A gag in the beginning involves Nate approaching members of the audience – two women and a man – as he makes eye contact with them while asking for their permission (“May I?”) before groping them. If they say no (and one of them does), he backs off; on the off-chance they say “You may,” he proceeds to feel them up. This moment is crucial not because of how charged its insolence is, but because as Nate, Palamides sets up a black and white – almost bordering on objectionable – picture of consent. “All you gotta do is ask,” Nate proclaims to the audience as a sort of a victory lap, as if suggesting that a consensual experience is only informed by the presence of verbal authorisation and not on the questionable degree of that very experience. By all means, an act of groping is textbook inappropriate behaviour but here’s what Nate needles the audience, and by extent, the viewer, to account for: Does it still count as misconduct if the person being groped claims they’re comfortable with it? 

It’s in the electrifying last stretch of the special that involves Nate’s date with his painting teacher (a muppet that the comedian voices herself) that Palamides reveals the grander intentions about constructing a collective definition of consent. It’s altogether impossible to see Nate’s final line of inquiry about a “bad date” coming, even more difficult to truly process the revelations that the response to that chilling crowd work suggest. At its heart, it’s a simple act of reckoning: a masterful deep-dive into subject areas that people are more comfortable pontificating about on the internet than talking about in person. 

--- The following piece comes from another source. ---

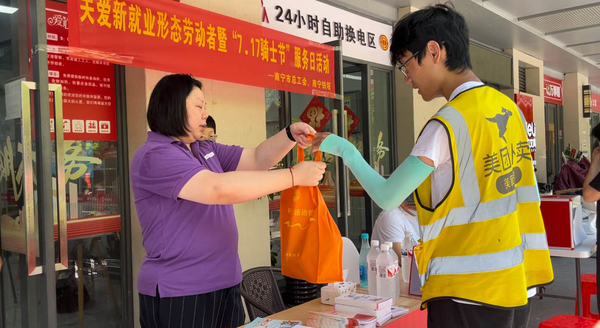 原标题:广西南宁市总工会开展关爱新就业形态劳动者暨“7.17骑士节”服务日活动
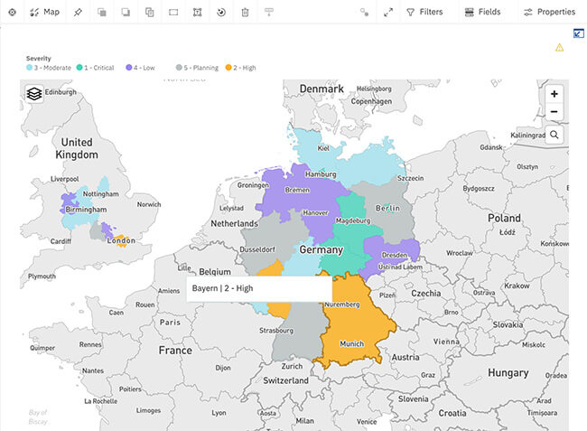 La cartographie s'est enrichie de la possibilité de colorer des zones géographiques par catégorie et non plus seulement par rapport à un indicateur.

Palamides single handedly turns Nate: A One Man Show into an essential groundwork in compassion through her careful prodding. Through Nate, she doesn’t just relay the psyche of a man facing his transgressions, but more importantly, broadcasts his embarrassing struggle to do better in real time. The world watching him is held to task as well: the special succeeds in revealing as much about a viewer as it does about Nate, unpacking our individual blindspots with a sensitivity that we perhaps might not have bestowed on someone grappling with theirs.

On more than one occasion while watching the special, I kept thinking of just how easily Nate could have been one of the several men outed during the Me Too movement. That the show could give me enough reason to be able to empathise with someone like Nate without going out of its way to apologise for his transgressions is perhaps as a testament to how compelling this one man show is. After all, the greatest comedy specials aren’t the ones loaded with big punchlines but the ones that tell us the hard truths about the world around without making it seem like a preachy lesson.